**TASK DIRECTIONS:** Output, word for word, the lines of this listing that fall between the line with "Т.к. гардеробная будет" and the line with "पंचायतों में हारकर", counting both of those lines, and no others.

**SUPPLIED RECORDS:**
□ □ □
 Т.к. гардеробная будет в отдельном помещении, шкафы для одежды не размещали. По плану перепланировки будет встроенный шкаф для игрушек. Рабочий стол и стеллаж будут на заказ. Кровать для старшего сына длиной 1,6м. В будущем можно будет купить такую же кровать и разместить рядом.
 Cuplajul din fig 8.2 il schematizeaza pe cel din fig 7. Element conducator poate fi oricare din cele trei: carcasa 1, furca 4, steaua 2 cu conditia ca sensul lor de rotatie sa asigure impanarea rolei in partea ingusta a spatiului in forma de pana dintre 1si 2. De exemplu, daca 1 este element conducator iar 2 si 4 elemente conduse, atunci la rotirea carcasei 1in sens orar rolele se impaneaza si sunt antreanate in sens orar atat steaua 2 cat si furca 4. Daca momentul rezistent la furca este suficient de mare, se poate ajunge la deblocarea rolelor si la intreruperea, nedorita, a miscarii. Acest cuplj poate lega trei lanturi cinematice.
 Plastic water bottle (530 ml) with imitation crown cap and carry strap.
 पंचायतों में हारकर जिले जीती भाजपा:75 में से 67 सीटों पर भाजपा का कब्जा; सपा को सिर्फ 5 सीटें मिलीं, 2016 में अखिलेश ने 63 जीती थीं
□ □ □
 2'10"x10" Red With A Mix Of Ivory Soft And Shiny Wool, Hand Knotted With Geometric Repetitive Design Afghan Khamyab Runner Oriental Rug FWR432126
□ □ □
**TASK RESPONSE:**
 Т.к. гардеробная будет в отдельном помещении, шкафы для одежды не размещали. По плану перепланировки будет встроенный шкаф для игрушек. Рабочий стол и стеллаж будут на заказ. Кровать для старшего сына длиной 1,6м. В будущем можно будет купить такую же кровать и разместить рядом.
 Cuplajul din fig 8.2 il schematizeaza pe cel din fig 7. Element conducator poate fi oricare din cele trei: carcasa 1, furca 4, steaua 2 cu conditia ca sensul lor de rotatie sa asigure impanarea rolei in partea ingusta a spatiului in forma de pana dintre 1si 2. De exemplu, daca 1 este element conducator iar 2 si 4 elemente conduse, atunci la rotirea carcasei 1in sens orar rolele se impaneaza si sunt antreanate in sens orar atat steaua 2 cat si furca 4. Daca momentul rezistent la furca este suficient de mare, se poate ajunge la deblocarea rolelor si la intreruperea, nedorita, a miscarii. Acest cuplj poate lega trei lanturi cinematice.
 Plastic water bottle (530 ml) with imitation crown cap and carry strap.
 पंचायतों में हारकर जिले जीती भाजपा:75 में से 67 सीटों पर भाजपा का कब्जा; सपा को सिर्फ 5 सीटें मिलीं, 2016 में अखिलेश ने 63 जीती थीं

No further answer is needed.